Слышал, люди с похмелья испытывают ужасные мучения. Их терзает совесть. Что может быть лучше, чем подарить человеку оставление всех его грехов прямо с утра, в момент наивысшего пика страданий? Ответь, Джеппетто. Молчишь?! Я понимаю! Ты бы хотел купить на эти сорок чентизимо виноградной водки, выпить ее всю, а потом говорить со сверчком, плача и стеная. Но я принес тебе лучшую жизнь. Так получай ее, папа!» – Пиноккио протянул Джеппетто индульгенцию, свернутую в трубочку.
«Ты маленький деревянный уродец, – грустно проговорил Джеппетто, – где ты купил эту гребаную бумажку?» – «На Пьянца Санта Тринита, – сказал Пиноккио. – Как раз напротив металлургического завода.
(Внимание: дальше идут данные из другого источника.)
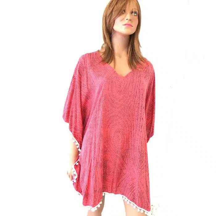 Pom Pom Poncho top is a gorgeous beach cover up poncho. We love the extra embellishing of pom poms on the hem and edge of the arms. It is lovely to throw over a dress, jeans, bathers, or to keep the sun off at a music festival. It is made from light-weight, cool and soft rayon. The perfect throw over for in between and hot summer weather.

Но если захочешь вернуть ее за те же деньги, боюсь, у тебя ничего не выйдет. История, которую я бежал тебе рассказать, как раз и сводилась к тому, что этот монашек на площади – как бы не совсем монашек».
«Он был пьян?! Приставал к тебе?!» – «Отец, кто может соблазниться твоим сыном?! Увы, я деревянный». – «Что ты об этом знаешь? – Джеппетто проницательно вгляделся в глаза куклы. – Что он с тобой сделал? Молчишь? Видно, следует поговорить с этим монахом по душам! Сейчас не те времена, чтобы отбирать у маленького мальчика деньги! В этой стране еще есть закон, и мы встанем под его защиту!»
«Да ничего он не отбирал, – проговорил Пиноккио, не без некоторой брезгливости разглядывая неуверенные, но при этом экзальтированные жесты отца. – Я купил тебе отпущение грехов вполне добровольно. Ты безгрешен, папа. Хотя это был и не монашек, а некая сущность, у которой из-под сутаны упал прешикарнейший хвост».
Мальчик помолчал, обдумывая некоторую мысль.
«А скажи, Джеппетто, правду говорят, что моим настоящим отцом является некто мастер Вишня, бывший майор, железнодорожник, артиллерист ее величества, а вовсе не ты? И вот что еще меня волнует. Кто в таком случае был матерью? Ведь не может быть, чтобы я родился без участия второго человека, женщины или, на худой конец, мужчины?! Говорят, участие второго – вещь в рождении непременная. Кое-кто намекнул мне, что вторым человеком в моем случае был именно мужчина. Хотелось бы, видишь ли, знать, что все это значит и сколько во всем этом правды».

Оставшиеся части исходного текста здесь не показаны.